# toronto Home prices



## sagsal (Apr 7, 2009)

I keep reading conflicting reports - are toronto proper home prices rising or not??

Look forward to the comments...


----------



## MoneyGal (Apr 24, 2009)

Here are the TREBNET (Toronto Real Estate Board) data in chart form.

You can see from the charts that both average and median prices are trending upwards.


----------



## sagsal (Apr 7, 2009)

Thanks - good to see


----------



## fishnguy (Apr 5, 2009)

Actually, according to Teranet, Toronto home prices are trending down.

http://housepriceindex.ca/Default.aspx

Toronto (as of April 09)
% change y/y
-7.63%

% change m/m
-0.64%

Year to date
-6.86% 


I guess you have to ask whose statistics are less likely to be biased; Teranet or TREB (run by realtors)? I guess we'll see how similar the numbers are when Ternet releases the numbers for May.


----------



## MoneyGal (Apr 24, 2009)

Both are accurate. They are measuring different things. 

The Teranet measures paired sales for homes, similar to the Case-Shiller Index in the US. The TrebNet measures all sales without looking to pair up repeat sales for any properties. Because outliers may push average sales figures up, the source I linked for the Trebnet data gives median numbers as well. 

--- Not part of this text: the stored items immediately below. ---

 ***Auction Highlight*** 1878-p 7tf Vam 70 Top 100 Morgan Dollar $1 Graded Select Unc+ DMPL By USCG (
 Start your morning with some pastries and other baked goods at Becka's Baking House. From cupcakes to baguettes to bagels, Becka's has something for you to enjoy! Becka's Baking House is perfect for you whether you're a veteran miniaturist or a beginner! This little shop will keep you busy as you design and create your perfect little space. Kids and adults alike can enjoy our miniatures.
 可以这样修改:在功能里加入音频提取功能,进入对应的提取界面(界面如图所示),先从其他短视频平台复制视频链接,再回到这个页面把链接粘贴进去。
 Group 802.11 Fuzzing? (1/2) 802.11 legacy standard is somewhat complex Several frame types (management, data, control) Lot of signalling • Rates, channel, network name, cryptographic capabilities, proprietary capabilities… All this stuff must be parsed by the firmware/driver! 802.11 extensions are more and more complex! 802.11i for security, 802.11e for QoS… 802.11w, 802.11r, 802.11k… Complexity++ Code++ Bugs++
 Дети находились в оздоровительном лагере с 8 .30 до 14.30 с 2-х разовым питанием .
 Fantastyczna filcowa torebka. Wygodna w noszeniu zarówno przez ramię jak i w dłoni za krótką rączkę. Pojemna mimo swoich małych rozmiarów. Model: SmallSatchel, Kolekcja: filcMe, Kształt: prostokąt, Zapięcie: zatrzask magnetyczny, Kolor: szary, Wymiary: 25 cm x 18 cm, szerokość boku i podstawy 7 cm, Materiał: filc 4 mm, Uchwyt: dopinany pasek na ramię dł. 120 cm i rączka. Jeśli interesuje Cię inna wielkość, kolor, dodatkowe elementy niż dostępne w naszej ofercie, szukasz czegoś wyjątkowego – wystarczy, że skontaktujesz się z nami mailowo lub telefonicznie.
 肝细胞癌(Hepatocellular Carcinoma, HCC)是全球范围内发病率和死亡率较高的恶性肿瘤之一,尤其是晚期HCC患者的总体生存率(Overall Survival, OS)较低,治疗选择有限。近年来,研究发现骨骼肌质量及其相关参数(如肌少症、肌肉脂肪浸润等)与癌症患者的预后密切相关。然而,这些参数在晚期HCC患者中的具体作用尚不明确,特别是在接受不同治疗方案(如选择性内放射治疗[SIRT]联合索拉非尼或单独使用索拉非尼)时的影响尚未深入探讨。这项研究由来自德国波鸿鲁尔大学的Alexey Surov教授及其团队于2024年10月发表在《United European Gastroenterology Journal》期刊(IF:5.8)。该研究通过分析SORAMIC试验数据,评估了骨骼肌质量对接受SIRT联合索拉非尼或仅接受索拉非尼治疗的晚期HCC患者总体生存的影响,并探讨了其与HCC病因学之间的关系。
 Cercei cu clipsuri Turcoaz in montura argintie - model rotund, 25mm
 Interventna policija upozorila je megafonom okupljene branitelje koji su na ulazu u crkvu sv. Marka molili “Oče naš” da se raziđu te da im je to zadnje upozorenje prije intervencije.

There are a couple of additional ways to measure RE property value and thus changes in value, as well.


----------



## sagsal (Apr 7, 2009)

We will see what the appraisar says this week!


----------



## MoneyGal (Apr 24, 2009)

OK! The price of a *single* home may or may not be in line with the trends observed for *all* homes in a given area. The market for individual homes is pretty particular to that home (compared to the market for "homes in general" in Toronto). 

For the purposes of comparison, it is likely the Teranet stats are the most directly applicable to a single-house sale.


----------